In homes across the United States, families sit down around their dining tables to share a meal together known as the Family Dinner. This can be a joyous occasion or a contentious one. Whether you feel warm and fuzzy or grit your teeth at the thought, the family dinner is an opportunity for familial communication that didn't always exist. As dining as a family became an institution in American life, it evolved from being a time for restraint to being a time for expression — an evolution visible in art and film.
Before the late 18th century, it was difficult for American families to dine together regularly, in part because dining rooms and dining tables were not yet a thing. Rooms and tables had multiple uses, and families would eat in shifts, if necessary. If there weren't enough chairs for all members of the family, the men would sit and the women and children might stand, coming and going from the table. (Blame the patriarchy.)
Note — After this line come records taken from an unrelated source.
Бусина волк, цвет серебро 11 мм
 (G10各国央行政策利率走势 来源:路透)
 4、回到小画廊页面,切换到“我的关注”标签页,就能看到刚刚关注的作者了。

The rise of the American family dinner depended upon the arrival of the dining table, and the dining room, from Europe, where they had been embraced since Elizabethan times. One of the first American homes to have a room specifically meant for dining was Thomas Jefferson's Monticello, built in 1772. The dining room, with the dining table at its center, began to be incorporated into wealthy homes across the country, eventually trickling down to the middle class.
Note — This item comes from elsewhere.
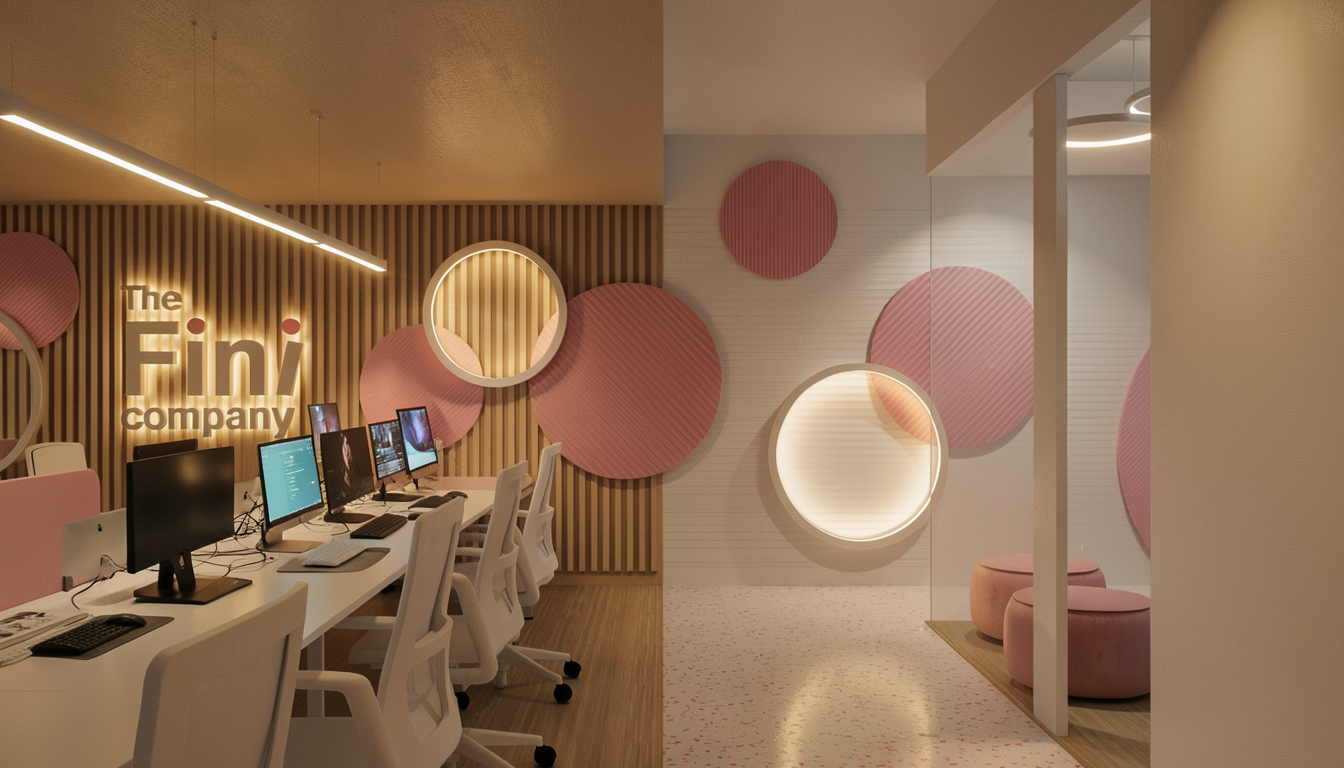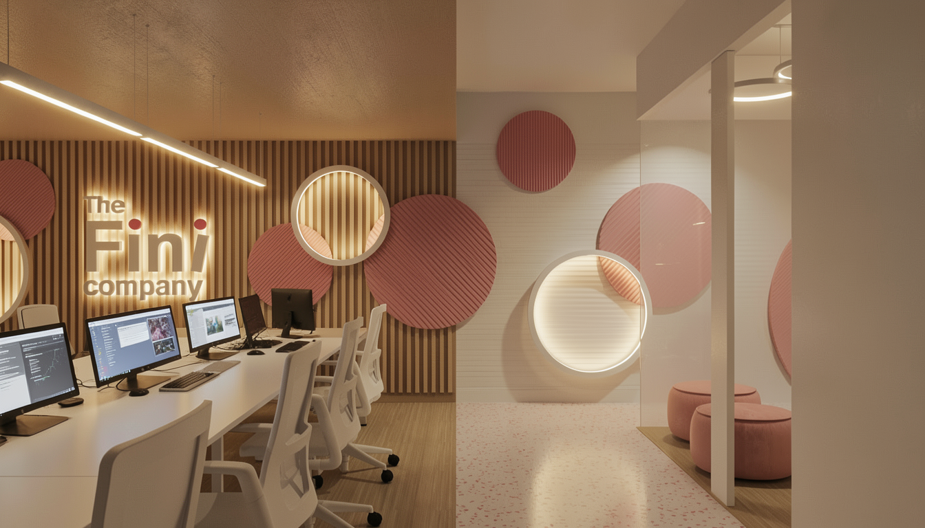make a realistic editorial image using the reference as base include computers over the tables and poetic lighting not too much dramatic

From the mid-19th century onward, the dining room was used as a place to cultivate a sense of family. Now that there was a designated space (and enough chairs around the table) for families to dine together, there were also designated family meal times — which Victorian parents used to educate their children on religion, conversation and table manners.
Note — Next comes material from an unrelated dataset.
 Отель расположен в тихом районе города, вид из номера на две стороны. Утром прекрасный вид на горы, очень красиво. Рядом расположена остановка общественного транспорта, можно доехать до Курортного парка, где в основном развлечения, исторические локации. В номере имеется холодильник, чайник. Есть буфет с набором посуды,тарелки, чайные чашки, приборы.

Laid upon the dining table was an expectation that all family members be agreeable, pious and unified. From the Victorian era through the 1950s, this idealistic notion was impressed upon Americans. In 1943, the sociologist James H.S. Bossard wrote that "it is at the dining table, and particularly at dinner time, that the family is apt to be at its greatest ease." The same year, The Saturday Evening Post published Norman Rockwell's Freedom from Want, in which a family dining around a Thanksgiving table represents the strength of American values during World War II. The painted subjects not only have food, but are almost relentlessly happy, smiling pointedly at each other and the viewer.